More college for more kids.
That’s the goal of the Detroit Promise college scholarship program. It now offers Detroit high school seniors free tuition at four-year educational institutions.
To be eligible for the expanded four-year pilot program the students must live in Detroit, attend any Detroit high school, have a 3.0 GPA or better and score more than 21 on ACT or 1060 on SAT. It is available to four-year students that began this fall and also will include a second cohort that starts next fall.
Registration is now open for those graduating in summer 2017.
The additional funding is coming from private funds raised by the Michigan Education Excellence Foundation (MEEF), and the Promise partners are now developing options for the further extension of the program. The Detroit Regional Chamber is one of those partners.
Detroit Promise staff are visiting Detroit high schools to explain the program. Interested students can also talk to counselors or advisers to get more information and visit the Detroit Regional Chamber website for information on eligibility and to register.
“The Detroit Promise is changing lives,” says Mayor Mike Duggan. “This program is one of the most significant ways we are removing barriers to opportunity for young Detroiters so they can realize their full potential in life without the burden of student debt.”
Earlier this year the mayor launched the Detroit Promise Zone Authority that would permanently dedicate a portion of tax dollars to fund the two-year scholarships for any student who graduates from a high school in Detroit, whether public, private or charter. The money can also only be used at five community colleges in metro-Detroit. They are Henry Ford Community College, Wayne County Community College District, Schoolcraft College, Macomb Community College and Oakland Community College.
In the current academic year, more than 700 are receiving two-year or four-year, last-dollar scholarships – funding that covers any shortfall after other financial aid such as Pell Grants have been applied.
There is also a new success coaching program called Detroit Promise Path for Detroit Promise students attending community colleges. It’s modeled on an approach piloted in New York community colleges, which has resulted in graduation rates doubling among low-income, first-generation community college students.
Launched in 2013, the Detroit Promise program grew out of a collaborative effort between the Detroit Regional Chamber, Gov. Snyder and the Michigan Education Excellence Foundation (MEEF), which created and raised funds for the Detroit Scholarship Fund. In the past three years, nearly 2,000 Detroit high school graduates have had the opportunity to attend community college, tuition-free.

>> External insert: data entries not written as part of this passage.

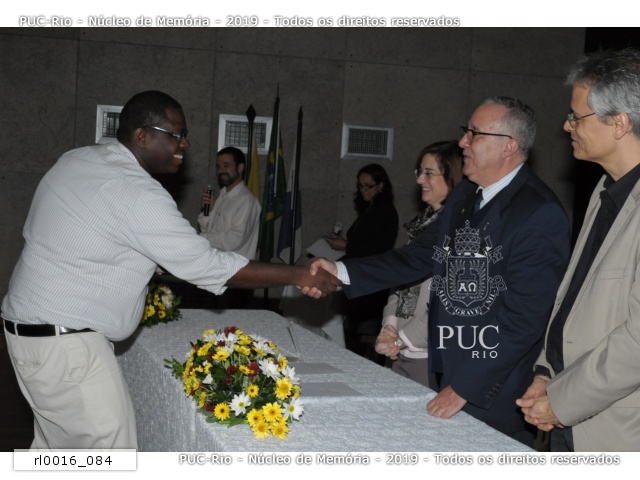 rl0016_103 | 31/8/2012 | O Reitor Pe. Josafá S.J. parabeniza o aluno pela participação no XX Seminário de Iniciação Científica da PUC-Rio. |
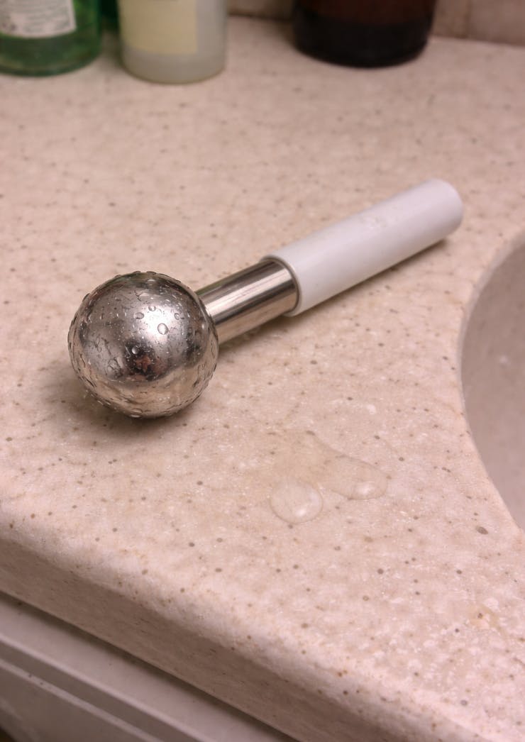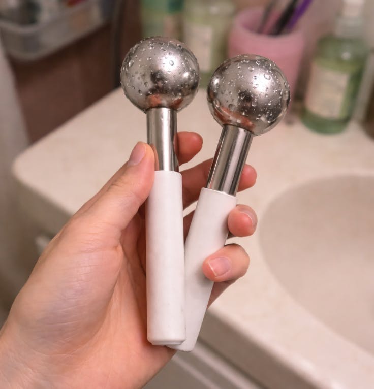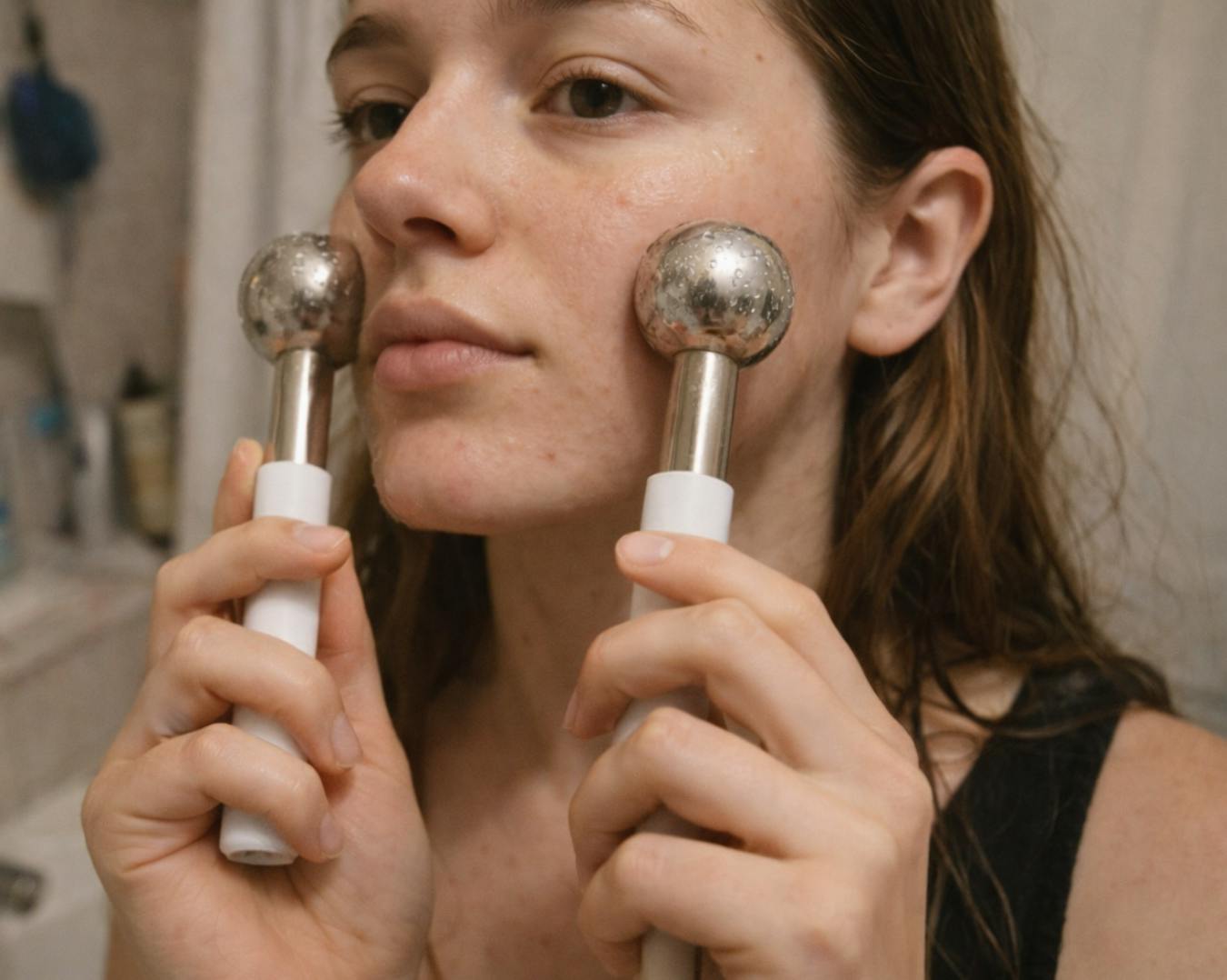 Step 1 (The Glide) Apply your favorite facial oil or serum to create a smooth, frictionless base. This ensures the CryoSculpt glides without pulling delicate skin while helping your skincare absorb deeper.
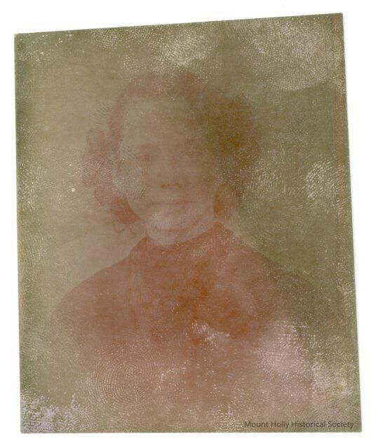 Faint black-and-white photo of a young white woman in a black dress, from chest up, looking directly at camera
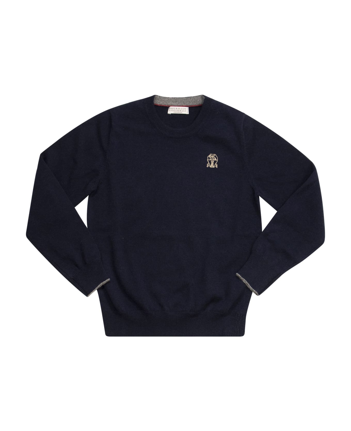 In children's knitwear one recognises the fine materials, attention to detail and tasteful colours, all distinctive features of the Brunello Cucinelli collections. The soft yarn in pure cashmere enriches the essential style of this light and snug knit. - Crew neck - Ribbed bottom hem, collar and cuffs - Stitched logo on chest DESIGNER ID: B22M10010B CTH29
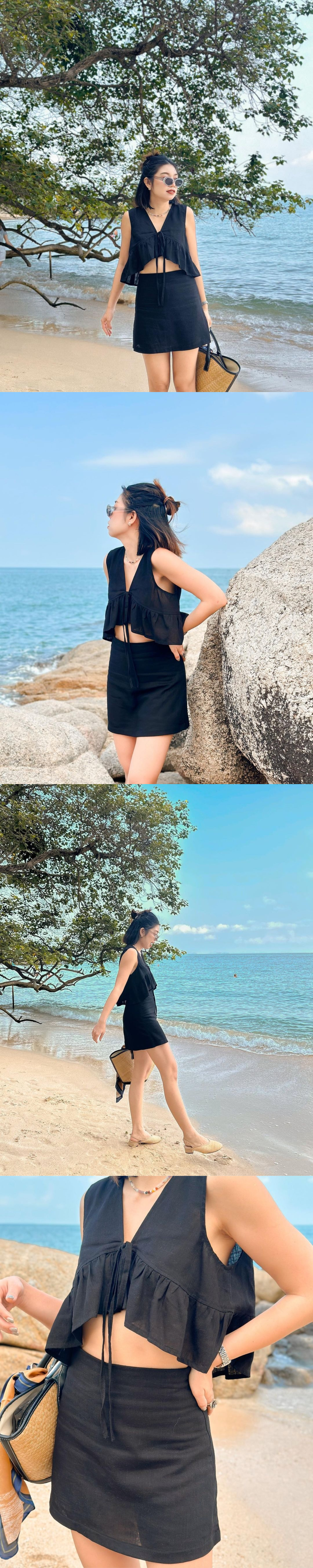 棉麻綁帶Blouse+高腰Skort套裝♡
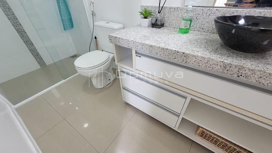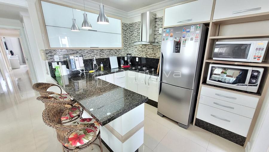 Apartamento na segunda quadra do mar, rua reta ao mar, com 3 quartos, todos suítes, lavabo, cozinha, sala de jantar e estar, área de serviço e sacada com churrasqueira a carvão.
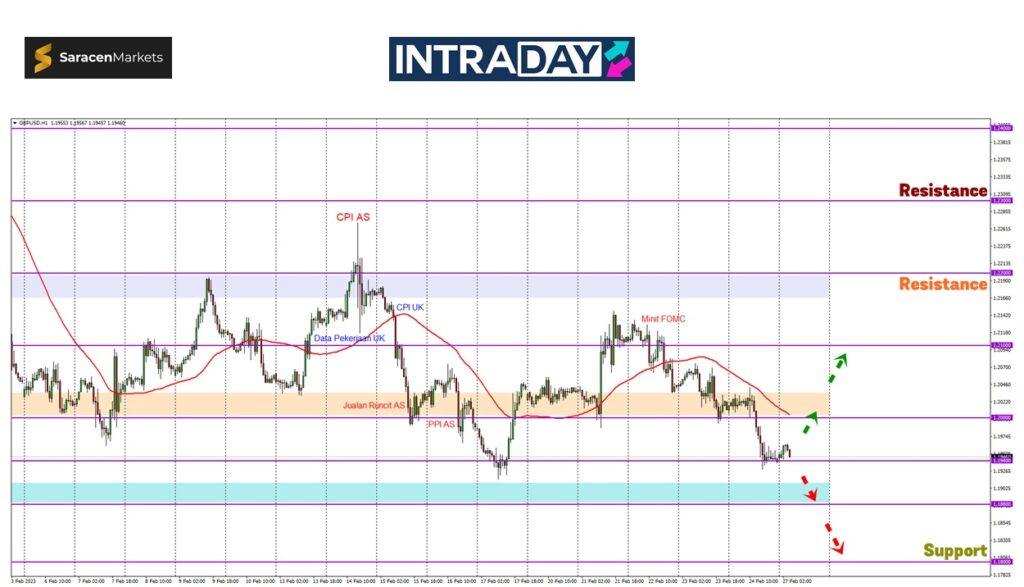 Penurunan harga yang melepasi paras 1.20000 telah menjejak ke paras sokongan 1.19400, namun tidak berjaya menyambung penurunan lebih rendah.
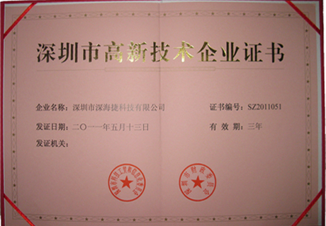 呼叫中心方案供應(yīng)商深海捷獲深圳高新技術(shù)企業(yè)認證
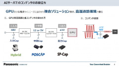 パナソニックインダストリーでは、「生成AIサーバーでは、大電流、高速化が進み、発熱による高温環境、部品点数の増大によるスペースの逼迫(ひっぱく)、高速化による伝送損失の影響拡大といった厳しい状況にあり、デバイスやマテリアルに対しても、過酷な使用環境への対応が求められている。パナソニックインダストリーでは、同様に使用環境が過酷な車載で培った圧倒的な商品力と、強固な顧客基盤による高精度な業界動向把握ができる点に強みがある」とし、「サーバーの電源回路基板に搭載するコンデンサにより、電圧の安定化やノイズ除去に貢献する一方、電子回路基板のもととなる高機能多層基板材料により、高速信号の損失を抑えることができる」と強みをアピールする。
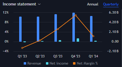 Net income showed fast growth but quickly slowed down drastically during Q1 2024.

“The Detroit Promise is opening wide the doors of higher education opportunity to the young people of Detroit,” says Gov. Rick Snyder. “Michigan’s largest city is now also the largest city in the United States to guarantee all its young people the opportunity to earn a college degree tuition-free.”
The MEEF and the Detroit Regional Chamber will continue to fund the scholarships until the Detroit Promise Zone tax capture is permitted in 2018.
“In order for Detroit to compete and win in the 21st century global economy, the city needs world-class talent” says Sandy Baruah, president and CEO of the Detroit Regional Chamber. “We’re pleased to partner with Governor Snyder, Mayor Duggan, education partners and the funders to fulfill the Detroit Promise, and see post-secondary degrees increase in the city of Detroit.”
There is another program with a very similar name – the Detroit College Promise – that has been providing Detroit Public School students with scholarships for the past eight years.
As of July 1, 2015, the Detroit College Promise became a program of the Detroit Public Schools Foundation, which started processing scholarships beginning with the 2016-17 college academic year, and will continue for future years. Click here for details. For more information please contact them at (313) 873-3414 or firstname.lastname@example.org.
Here are the requirements:
- Attend a DPSCD or DPSCD authorized charter school from 9th-12th grades
- Live in Detroit from 9th- 12th grades
- Have applied for federal financial aid (FAFSA)
- Accepted to, and attend, a Michigan college or university
The scholarship amount of aid varies, depending upon the funds available.
During the 2015-16 college academic year, 183 students awarded scholarships, totaling $79,800.
Detroit has always been thought of as a city of physical labor and blue collar grit, and that is an important part of its past and present. These programs show the rest of the world and the the city itself that it has more to offer than just that.